Open cmhungsteve opened 6 years ago
Training set is 604 GB
(392k clips), downloaded with this improved script. Scaling by the number of clips, that would make validation ~46 GB
(30k clips) and test ~92 GB
(60k clips).
Thank you for the reply. What do you mean by "scaling by the number of clips"?
No problem. I just meant that I had only downloaded the training set videos, so I was estimating the validation and test set sizes using the number of clips as given by the annotation files (i.e. multiplying by 30/392 to get the validation size, and 60/392 to get the test set size). I ended up downloading the validation clips and can confirm they're just over 46 GB
total.
Got it. Thank you. Do you know the main difference between the improved script mentioned above and the one in your repo?
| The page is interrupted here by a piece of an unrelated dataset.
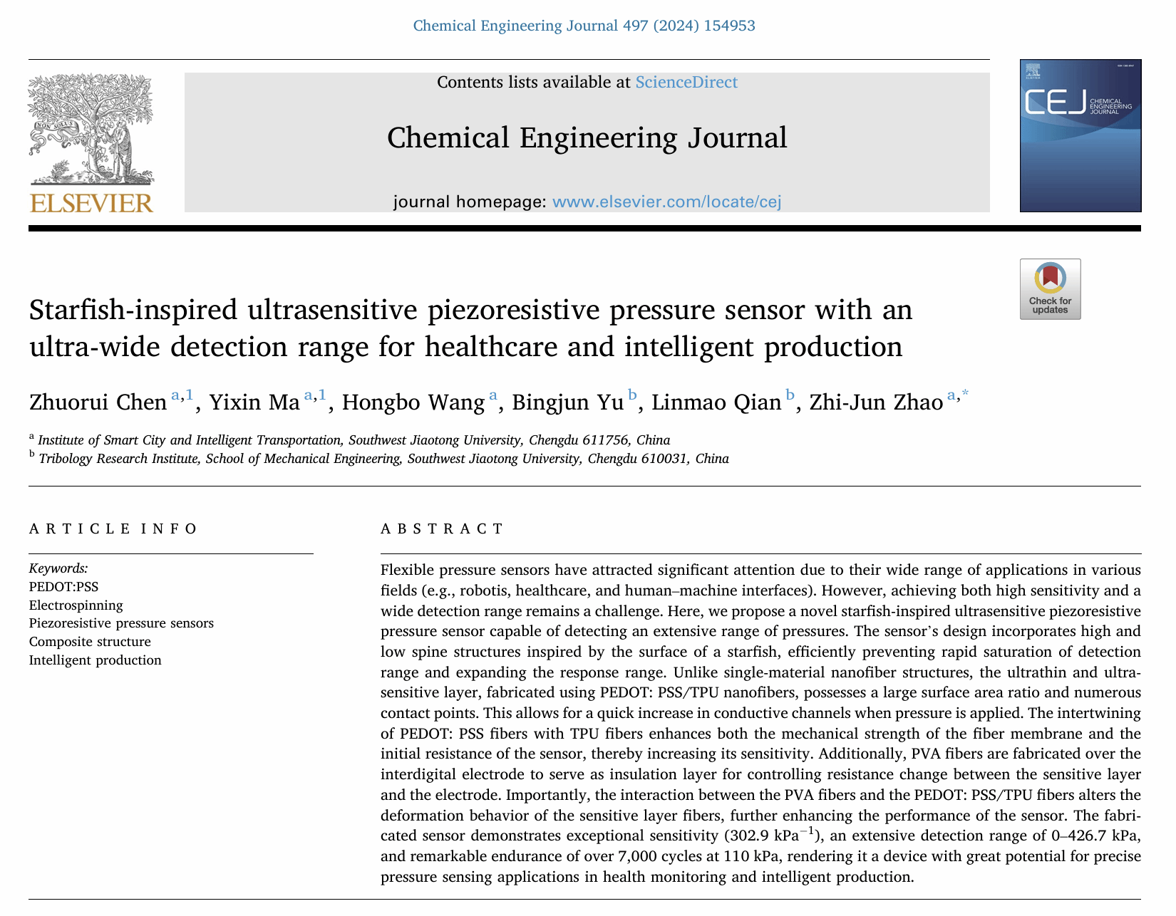 教师赵志俊指导,陈卓锐、马弈新同学参加的《基于高性能海星仿生压阻传感器的病患关节运动智能分析与机能评价系统》项目荣获中国大学生机械工程创新创意大赛——“明石杯”微纳传感技术与智能应用赛全国总决赛本科生组一等奖。

Kinetics is made up of 10-second clips from full YouTube videos. The original script downloads the full video for each example, then extracts the 10-second clip once it's downloaded. The improved script by @jremmons only downloads the 10-second clip you need.
You can see the line changes here: https://github.com/activitynet/ActivityNet/pull/16
I see. Thank you so much.
Note: I did not manage to get clean* videos with that script. Would be nice to see if the effect of that on classification accuracy.
@cmhungsteve I think I fixed the issue that @escorciav mentioned with my latest commits.
https://github.com/jremmons/ActivityNet/blob/master/Crawler/Kinetics/download.py
@jremmons Thank you!!
@jremmons FWIW I sampled about 20 videos downloaded with the old script, and never saw the artifacts referred to in the other post (viewing in QuickTime Player). Any insight into why I might not have had the issue? Am I just getting lucky in sampling videos with no artifacts?
@chrischute out of curiosity, did you take care of sampling video with t_start significantly different than zero? for the record, I used VLC or fedora27-default video player aided with non-free codecs such as x264.
@escorciav I did try sampling a video with t_start greater than 0 (abseiling/YEgqBGmmPV8
). There were no artifacts. I ran the download script on a Ubuntu machine, Python 3.6 and ffmpeg 3.1.3-static. I downloaded the mp4 to my mac and viewed it in QuickTime Player.
@escorciav I also didn't notice any issues with the first script I wrote. The current version of my script does re-encoding now like the original download.py
did just without downloading the entire youtube video (this is just to be safe). If someone can provide an example of a video where this issue occurs that would help a lot.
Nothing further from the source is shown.